The other women, seeing what she did, thought that she was acting wisely in the hope of gaining Khaled’s favour, seeing that he was the chief of their enemies, so they, too, came near, and brought water for his hands, and perfumes, and sweetmeats, thinking to outdo her. But she pushed them away, taking what they brought for him, and offering it herself.
‘Are you better than we?’ the women said angrily. ‘Has our lord chosen you for himself, that you will not let us come near him?’
Then Khaled noticed her and began to wonder at her attention and zeal.
‘What is your name?’ he asked. But she did not speak. ‘Who is she?’ he inquired of the other women.
‘She is an unbeliever,’ they answered contemptuously. ‘And she is proud, for she trusts in her white skin and her blue eyes, and her hair which is red without henna. She thinks she is better than we. Command us to uncover our faces, that you may see and judge between us.’
‘Let it be so. Let us see who is the fairest,’ said Khaled, and he laughed.
Then the woman who sat at his feet threw aside her veil, and all the others did the same. Khaled saw that the one was certainly more beautiful than the rest, for her skin was as white as milk, and her eyes like the sea of Oman when it is blue in winter. She had also long hair, plaited in three tresses which came down to her feet, red as the locusts when the sun shines upon them at evening, and not dyed.
‘There is a bay mare in a stable of black ones,’ Khaled said. ‘What is the name of the bay mare?’
‘Her name is Aziz, and she is a Christian,’ said one of the women.
‘Not Aziz — Almasta,’ said the beautiful woman in an accent which showed that she could not speak Arabic fluently. ‘Almasta, a Christian.’

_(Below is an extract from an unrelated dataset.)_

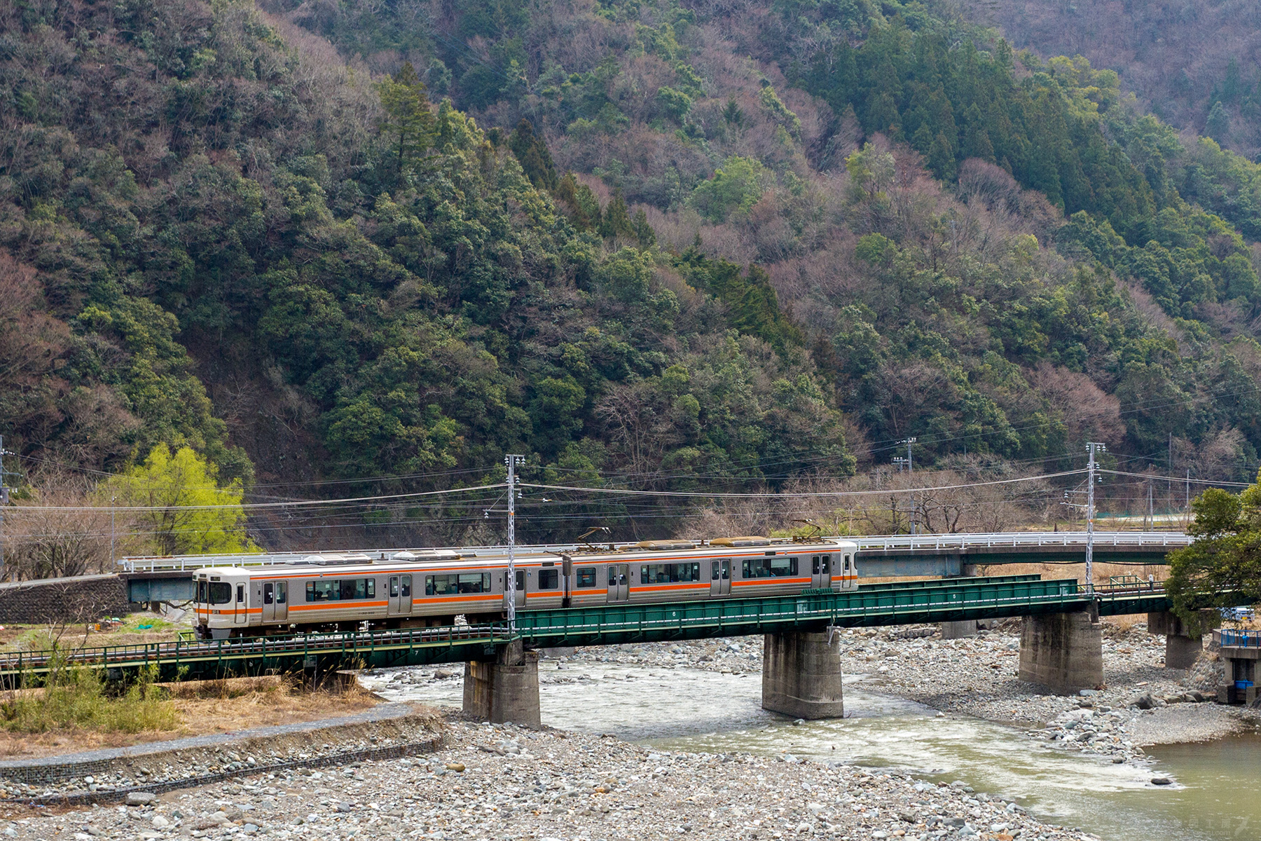 第2湯川橋梁を渡る115系2000番台 身延線色

/> ‘She was lately sent as a present to our master by the Emir of Basrah,’ said one of the others.
‘He paid a thousand and five hundred sequins for her, for she was brought from Georgia,’ said another. ‘But I am a free woman, and myself the daughter of an emir.’
Then all the others began to scream.
‘It is a lie,’ they cried. ‘Your father was a white slave from Syria.’
‘You are fools,’ retorted the woman who had spoken. ‘You should have said that you were also free women and the daughters of emirs. So our lord would have treated you with more consideration.’
The others saw their folly and were silent and drew back, but Khaled only smiled.
‘As good mares are bred in the stable as in the desert,’ he said, and the women laughed with him at the jest, for they saw that it pleased him.
But Almasta was silent and sat at his feet, looking into his face.
‘You must learn to talk in Arabic,’ he said, ‘and then you will be able to tell stories of your native country to the Sultan, for he loves tales of travel.’
Almasta smiled and bent her head a little, but she did not understand all he said, being but lately come into Arabia.
‘I will go with you,’ she answered.
‘Yes. You will go with me to Riad to the Sultan, and perhaps he will make you his wife, for he has none at present.’
‘I will go with you,’ she repeated, looking at him.
‘She does not understand you,’ said the women, laughing at her ignorance of their own tongue.
‘It is no matter,’ said Khaled. ‘She will learn in due time. Perhaps it has pleased Allah to send my lord the Sultan a wife without a tongue for a blessing in his old age.’
‘I will go with you,’ Almasta said again.
‘She can say nothing else,’ jeered the women.
One of them pulled her by her upper garment, so that she looked round.